Table 1 Marker SNPs from the 2014 psychiatric genomics consortium schizophrenia mega-GWAS within a haplotype to which a retinoid-related gene was mapped

Given that disruption of retinoid biology should alter neurodevelopment, we hypothesised that retinoid signalling dysregulation plays a role in the emergence of more severe CDs and adverse clinical outcomes in schizophrenia. In this study, we therefore sought to integrate the polygenic effect of common and rare variation, using systems biology to investigate at-RA signalling, in a cohort of schizophrenia cases that have previously been stratified by multiple cognitive measures to highlight a CD subtype [5]. We observed that common polygenic risk in retinoid genes implicated by GWAS was associated with schizophrenia, but not overrepresented in the CD group. However, rare variation in retinoid genes was only enriched in schizophrenia cases with severe CD, with the retinoic acid receptor beta gene RARB significantly associated with this subtype. Increasing burden of rare RARB variation was also associated with decreased grey matter volume in a left posterior cerebellar region in the CD subgroup after voxel-wise correction, along with covariation amongst grey matter concentration (GMC) in several brain regions. Analysis of non-coding sequence in DR5-RARE, proximal to genes, revealed an excess of rare variation that could disrupt the expression of retinoid target transcripts. This, and other forms of retinoid dysregulation, was supported by differential expression of DR5-RARE proximal genes in two independent schizophrenia cohorts, which were enriched in functionally significant pathways.

Materials and methods

Participants

Participants in this study were sourced from the Australian Schizophrenia Research Bank (ASRB), which is a public bank of clinical and cognitive data, including structural magnetic resonance imaging (MRI) scans and DNA samples, for a large cohort of schizophrenia cases and controls, collected across five cooperating sites in Australia [24]. Detailed descriptions of the exclusion criteria and procedures for consent have been outlined elsewhere [5, 24]. The use of these data was approved by the University of Newcastle Human Ethics Research Committee (HREC) and the Australian Schizophrenia Research Bank. First, ASRB schizophrenia cases and non-neuropsychiatric controls with no immediate family history of psychoses were selected for SNP genotyping. Individuals were excluded during quality control (QC) as described in supplementary note 1, with 425 schizophrenia cases and 251 controls retained for analysis. The case cohort was comprised of 283 males (67%), whereas controls were 43% male (Supplementary Table 5, 6). WGS was performed on a subset of the ASRB for whom clinical and cognitive data were previously collected, with 469 samples available for this study, consisting of 321 affected individuals and 148 controls (Supplementary Table 7). In the WGS cohort, MRI data were also accessed for schizophrenia cases as available (N = 210, Supplementary Table 8). Data are available upon application to the ASRB (https://www.neura.edu.au/discovery-portal/asrb/).

As described in Green et al. [5], the multidimensional Grade of Membership (GoM) clustering technique was used to derive subgroups of cognitive performance in the ASRB schizophrenia cohort with available cognitive data.

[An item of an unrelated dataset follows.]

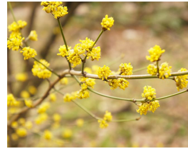
Lindera benzoin spicebush

Briefly, nine cognitive measures were utilised as input into the GoM (Supplementary Table 9). The most parsimonious GoM model partitioned schizophrenia cases into the CD subtype, with a greater degree of global cognitive impairment, and a cognitively spared (CS) subtype whose performance was intermediate to the CD subtype and healthy controls. The distribution of the cognitive subtypes in the array-genotyped, WGS and MRI, cohorts are presented in Supplementary Table 6, 7 and 8, respectively.

Genotyping and sequencing

Investigators were blinded to phenotype during processing of samples for genotyping and/or sequencing. Genomic DNA from peripheral blood mononucleocytes was extracted for SNP genotyping and/or WGS. SNP genotyping utilised the Illumina Infinitium Human 610K (610-Quad) BeadChip in accordance with standard manufacturer protocols. Pre-imputation QC on autosomal array SNPs and subject exclusion criteria is outlined in supplementary note 1. After phasing haplotypes with 10 megabase chunks and 500 kilobase (kb) overlap with Eagle 2.3.2 [25], imputation was performed on loci which passed QC using Minimac3 default parameters and the 1000 Genomes Phase 3 European reference panel [26]. High-quality SNPs post-imputation were retained for analysis (INFO score > 0.8, missingness < 2%, NSNPs = 7,199,582).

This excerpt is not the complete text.